#### THE TASK:
The lines from the first line of the entries through the line containing "创意乱讲:辉柏嘉是世界上最早" are to be repeated exactly, with both of those lines included.

#### EXCERPTED RECORDS:
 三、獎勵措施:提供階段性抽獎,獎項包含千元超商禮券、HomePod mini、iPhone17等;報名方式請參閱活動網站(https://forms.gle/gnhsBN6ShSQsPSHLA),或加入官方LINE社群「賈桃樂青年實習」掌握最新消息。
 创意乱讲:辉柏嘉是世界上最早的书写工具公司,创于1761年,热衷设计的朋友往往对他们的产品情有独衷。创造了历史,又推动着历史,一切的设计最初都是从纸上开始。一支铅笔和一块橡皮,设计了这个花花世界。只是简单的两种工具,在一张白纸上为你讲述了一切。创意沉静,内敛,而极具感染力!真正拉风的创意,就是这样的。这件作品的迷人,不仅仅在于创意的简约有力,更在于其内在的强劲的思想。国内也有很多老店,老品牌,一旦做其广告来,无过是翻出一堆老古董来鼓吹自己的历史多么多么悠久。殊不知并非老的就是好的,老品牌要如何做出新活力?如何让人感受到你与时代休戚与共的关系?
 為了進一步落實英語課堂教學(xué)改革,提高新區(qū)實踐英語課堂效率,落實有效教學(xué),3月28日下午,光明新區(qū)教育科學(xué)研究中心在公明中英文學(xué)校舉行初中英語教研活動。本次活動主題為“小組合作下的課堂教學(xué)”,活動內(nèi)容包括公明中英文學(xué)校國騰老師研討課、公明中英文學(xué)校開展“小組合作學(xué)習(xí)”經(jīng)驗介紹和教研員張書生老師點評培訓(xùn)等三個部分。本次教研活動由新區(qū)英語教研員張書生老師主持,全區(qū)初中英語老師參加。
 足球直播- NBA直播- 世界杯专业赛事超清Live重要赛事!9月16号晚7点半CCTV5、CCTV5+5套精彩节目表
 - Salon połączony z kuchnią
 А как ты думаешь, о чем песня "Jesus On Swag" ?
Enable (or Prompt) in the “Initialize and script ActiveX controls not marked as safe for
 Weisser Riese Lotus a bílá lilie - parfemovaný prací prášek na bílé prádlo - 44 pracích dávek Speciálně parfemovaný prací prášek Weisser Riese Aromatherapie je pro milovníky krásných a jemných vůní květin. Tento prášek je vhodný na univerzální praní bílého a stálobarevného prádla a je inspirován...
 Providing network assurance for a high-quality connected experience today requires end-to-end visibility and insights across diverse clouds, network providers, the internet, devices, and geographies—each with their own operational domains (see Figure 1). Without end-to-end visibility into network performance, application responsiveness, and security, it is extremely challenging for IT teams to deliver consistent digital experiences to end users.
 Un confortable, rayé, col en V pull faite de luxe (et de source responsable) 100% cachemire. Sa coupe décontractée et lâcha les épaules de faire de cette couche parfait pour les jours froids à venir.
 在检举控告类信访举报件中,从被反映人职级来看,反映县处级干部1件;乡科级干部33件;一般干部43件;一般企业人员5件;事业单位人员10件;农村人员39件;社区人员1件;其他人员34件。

#### TASK RESULT:
 三、獎勵措施:提供階段性抽獎,獎項包含千元超商禮券、HomePod mini、iPhone17等;報名方式請參閱活動網站(https://forms.gle/gnhsBN6ShSQsPSHLA),或加入官方LINE社群「賈桃樂青年實習」掌握最新消息。
 创意乱讲:辉柏嘉是世界上最早的书写工具公司,创于1761年,热衷设计的朋友往往对他们的产品情有独衷。创造了历史,又推动着历史,一切的设计最初都是从纸上开始。一支铅笔和一块橡皮,设计了这个花花世界。只是简单的两种工具,在一张白纸上为你讲述了一切。创意沉静,内敛,而极具感染力!真正拉风的创意,就是这样的。这件作品的迷人,不仅仅在于创意的简约有力,更在于其内在的强劲的思想。国内也有很多老店,老品牌,一旦做其广告来,无过是翻出一堆老古董来鼓吹自己的历史多么多么悠久。殊不知并非老的就是好的,老品牌要如何做出新活力?如何让人感受到你与时代休戚与共的关系?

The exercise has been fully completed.